This week in public relations ethics virtue was a key theme – from April Fool’s lies to the virtues of a successful leader to taking a stand against Georgia’s new laws – business were living up to their virtues or failing to do so. There was also an interesting report on a growing whistleblower dichotomy.
- Report on Corporate Ethics Hotlines Fell in 2020 but whistleblower calls increased – This week the Wall Street Journal reported that “third-party managers of the [ethics] hotlines saw a drop in the total number of reports last year, with 54 million employees lodging more than 1.3 million internal reports, a roughly 7.1% decrease from 2019, according to data from Navex Global Inc.” In an interesting contrast, the article also reported the U.S. Securities and Exchange Commission’s whistleblower program, received about 6,900 tips in fiscal year 2020—the most for any year since the program began in 2011.
- Truth, April Fools and Voltswagen – I really hate most brand’s April Fool initiatives.
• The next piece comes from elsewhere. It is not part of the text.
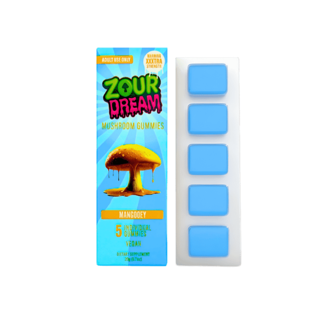 - Mangoey – Bright and zesty. It packs a sharp bite that quickly softens into a crisp, juicy sweetness perfect for sparking energy and curiosity.Zour Dream’s Mangoey Mushroom Gummies come with 5 gummies per pack, with each filled with an extra strength blend of botanicals and nootropics, creating a high that’s potent, euphoric, and other-worldly.

They try too hard to be funny and frequently fail. In the case of Volkswagen, it may have gone from merely unfunny to being untruthful, damaging to stakeholder relationships and potentially illegal.
- Virtues of a successful leader – The Ethics & Compliance Initiative drew my attention to this article in Forbes that highlights three virtues of a successful leader – authenticity, vulnerability and confidence. I look forward to discussing how these virtues compare to Aristotle’s and Confucius’ virtues with my class.
- Virtue, Bias and the All-Star Game – While we are on the topic of virtue – this week demonstrated that virtuous words and actions matter. Major League Baseball pulled the All-Star Game and Draft from Georgia as a result of their new voting laws. Other organizations also condemned the law. We had a really interesting dinner table discussion on the topic. Was the MLB initiative more flash than substance – did it go far enough? Is pulling the game going to drive change, or would they have been better served in making donations to candidates dedicated to repealing it? What is a symbolic as opposed to a substantive ethical act?